L'offshore de Mauritanie est l'une des plus récentes provinces entièrement nouvelles à avoir été découvertes. En l'an 2000 encore, son potentiel pétrolier était inconnu, depuis 5 gisements de pétrole et/ou de gaz (plus quelques découvertes sub-commerciales) ont été trouvés, pour un total de l'ordre d'un Gbep. La production dans le premier gisement, Chinguetti, a commencé en 2006. Par ailleurs, le pétrole lourd de Dome Flore partagé entre le Sénégal et la Guinée-Bissau va être mis en exploitation. Ces deux exemples ont incité nombre de compagnies à investir dans la région.

La Guinée équatoriale a vu sa production décoller de façon vertigineuse (infime en 1996, elle frise maintenant les 400 kbbls/j) grâce à trois gisements offshore, deux de pétrole et un de gaz naturel, et compte aussi devenir exportatrice de GNL. Le pays possède en fait deux régions pétrolières bien distinctes : l'île de Bioko est installée dans une partie du bassin du Niger, tandis que la partie continentale possède une formation deltaïque beaucoup plus petite, celle du Rio Muni. Les réserves sont estimées à près de2 Gb.

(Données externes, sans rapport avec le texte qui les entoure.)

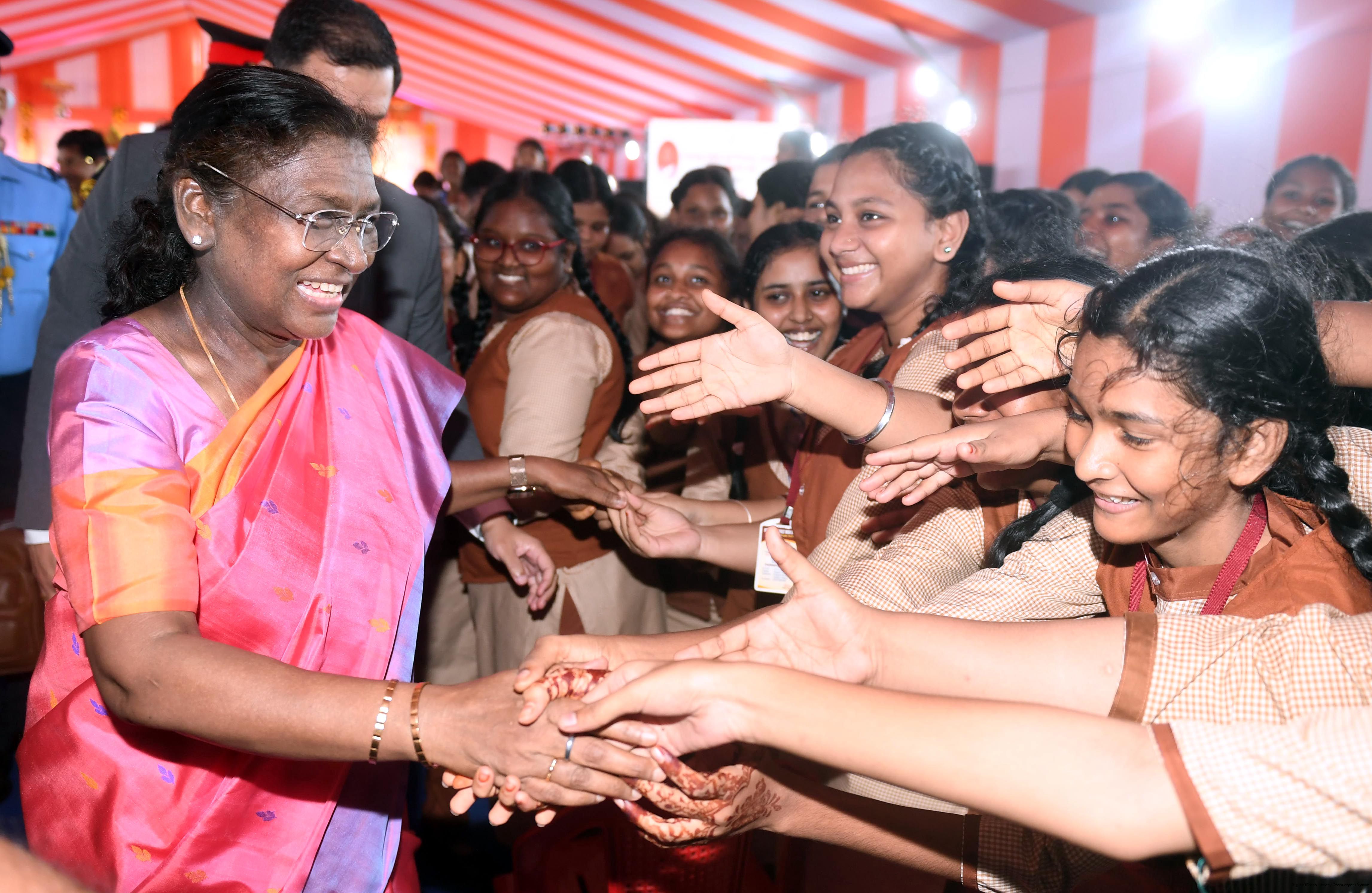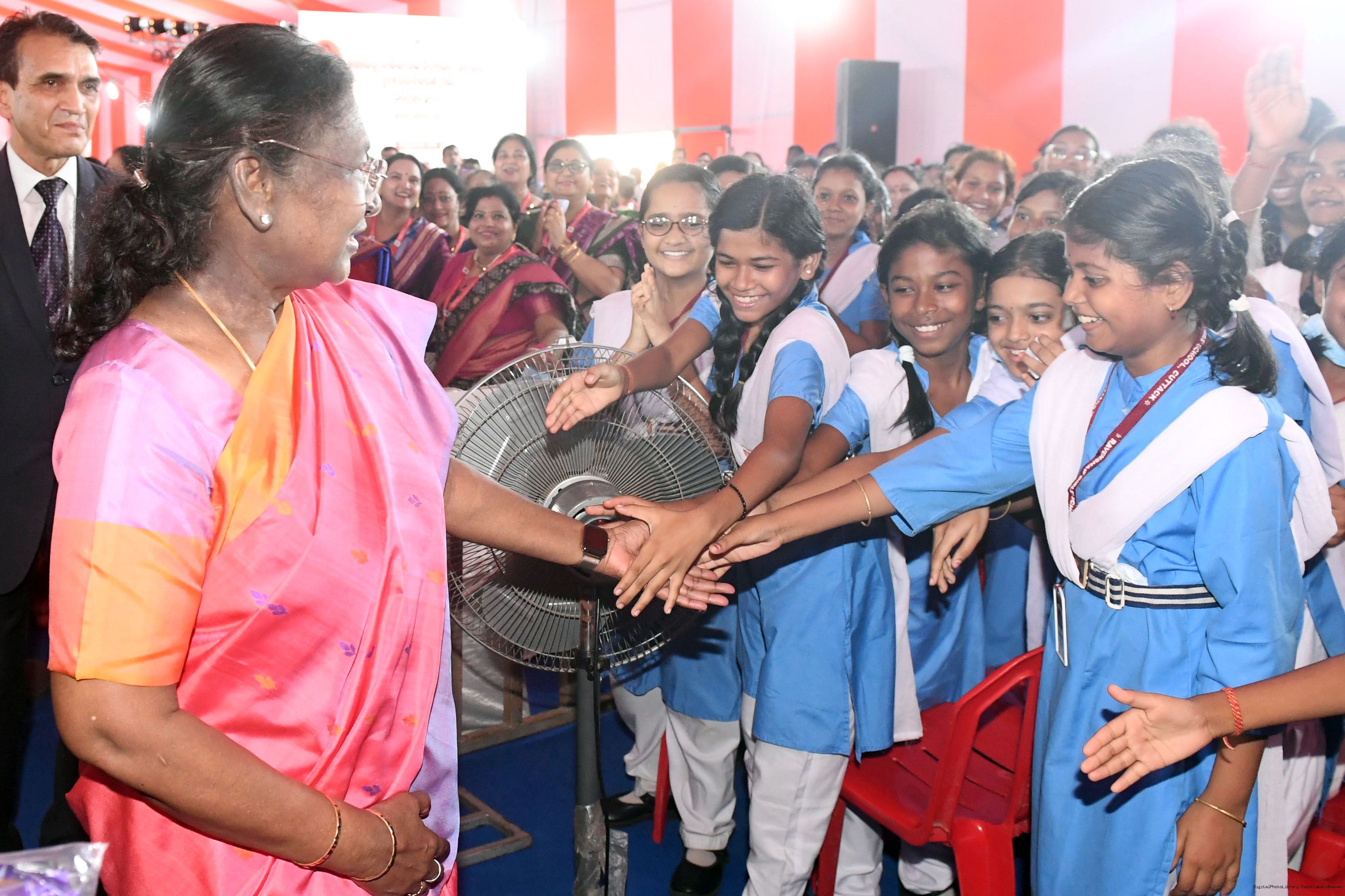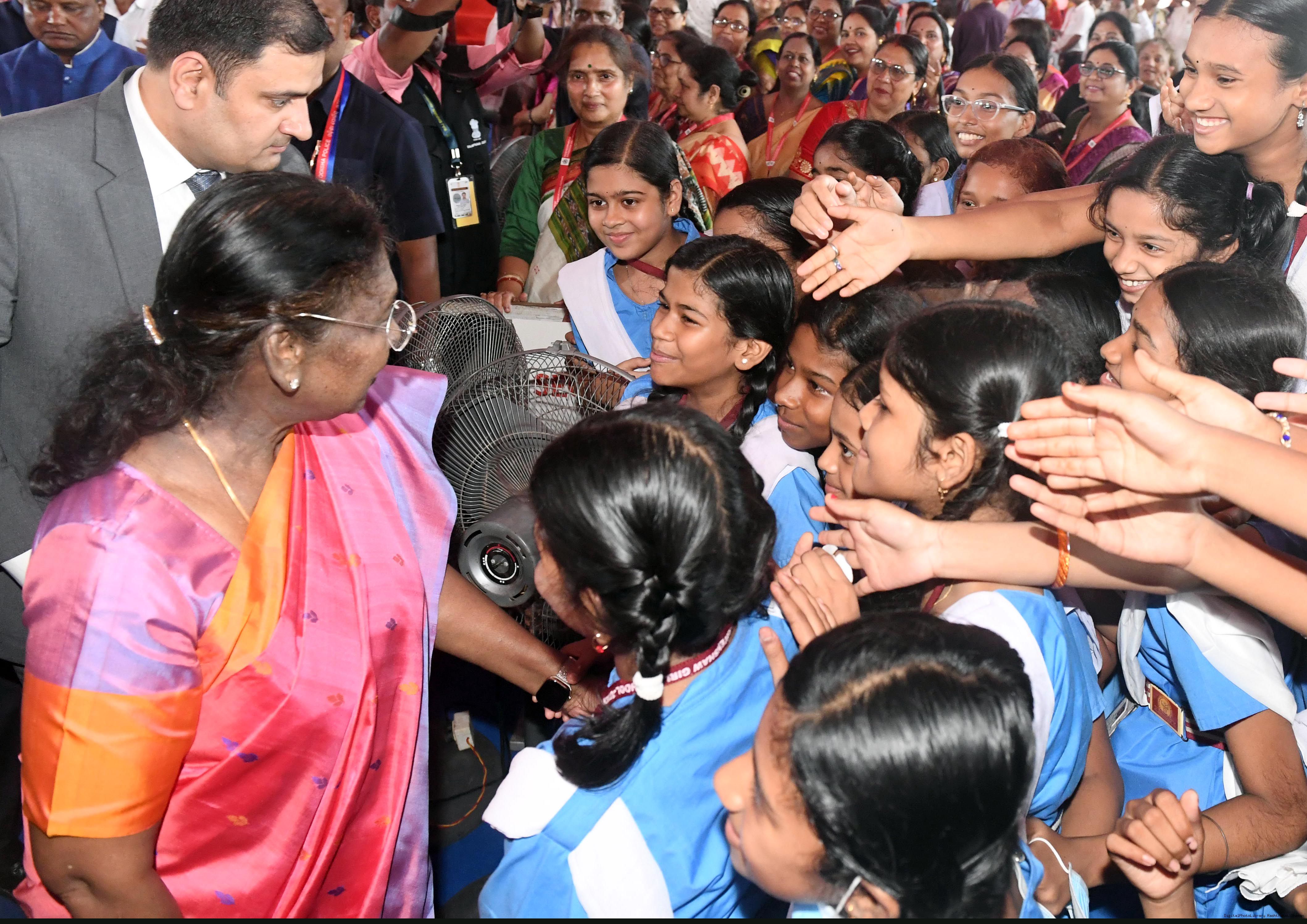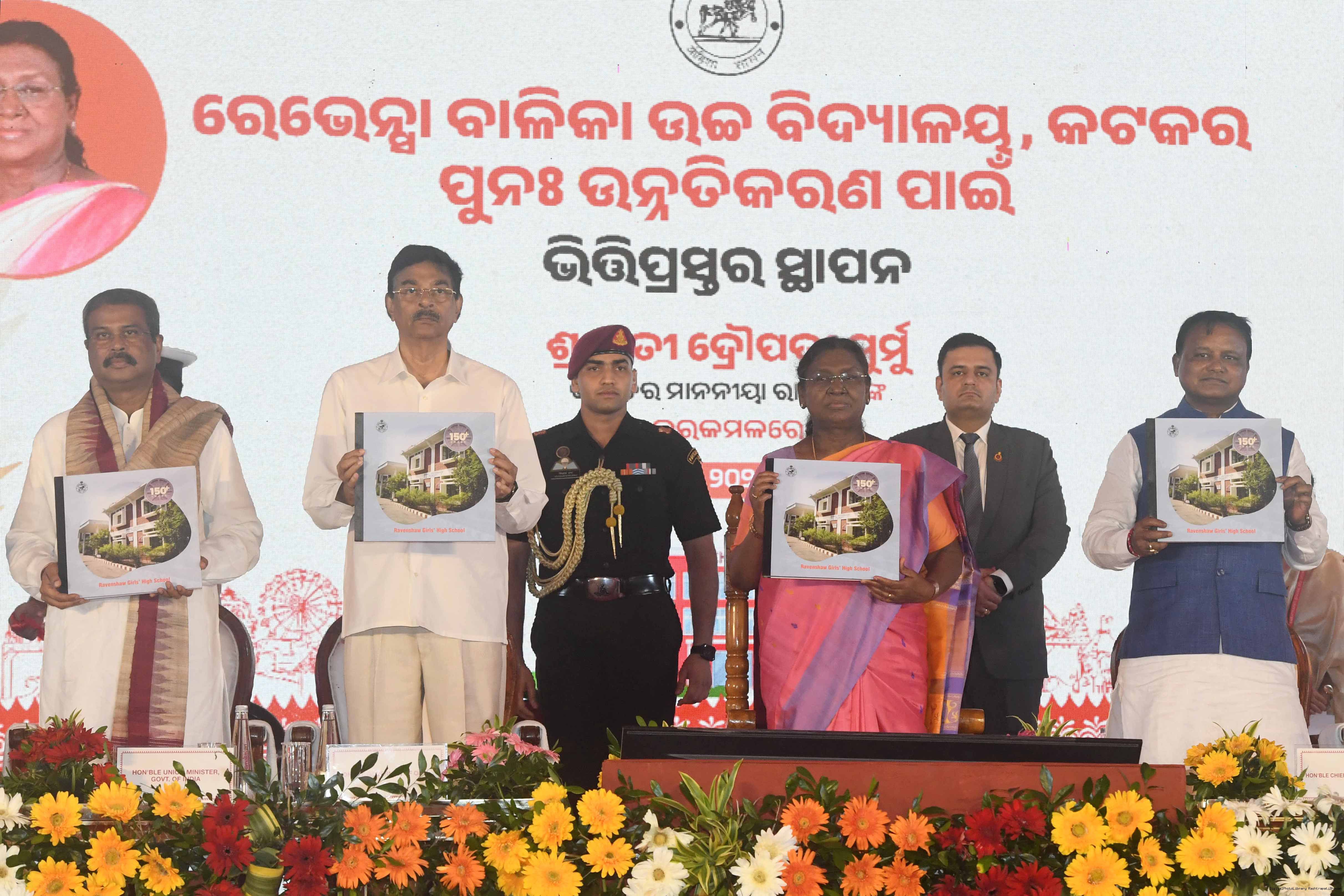 | Caption: | The President of India, Smt Droupadi Murmu laid the foundation stone for the redevelopment of three buildings of Ravenshaw Girls’ High School at Cuttack Odisha on July 15, 2025. |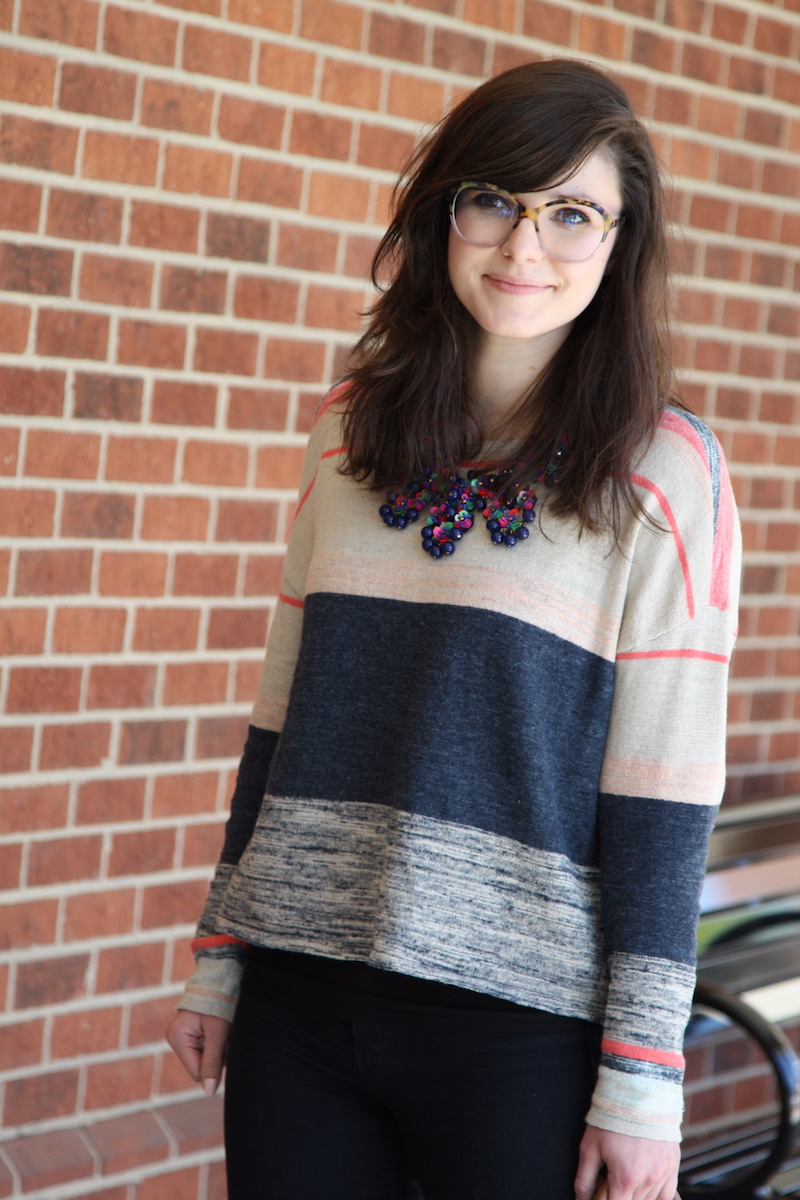 This top is a little thicker so perfect for these weird days when you need an extra layer. Plus, it has some good luck in there for you as I wore it for my first day of work at the auction house last year!

Les modestes (400 Mbbls) réserves de pétrole et de gaz naturel du Cameroun se répartissent dans trois zones : la petite fraction du delta du Niger qui se situe en territoire camerounais, région vieillissante, le bassin de Douala/Kribi sur la côte, et le bassin de Lagoni dans le Nord. Si les deux derniers offrent encore des potentialités intéressantes (plus pour le gaz naturel que le pétrole), le pays est globalement post-pic pétrolier, avec une production en déclin (58 kbbls/j en 2005, contre 181 en 1985). Après des années de bataille juridique, le Cameroun devrait récupérer la péninsule de Bakassi, jusqu'ici occupée par le Nigeria, qui pourrait offrir quelques gisements. D'autre part, le bassin de Lagoni est plus accessible désormais grâce au pipeline Tchad-Cameroun.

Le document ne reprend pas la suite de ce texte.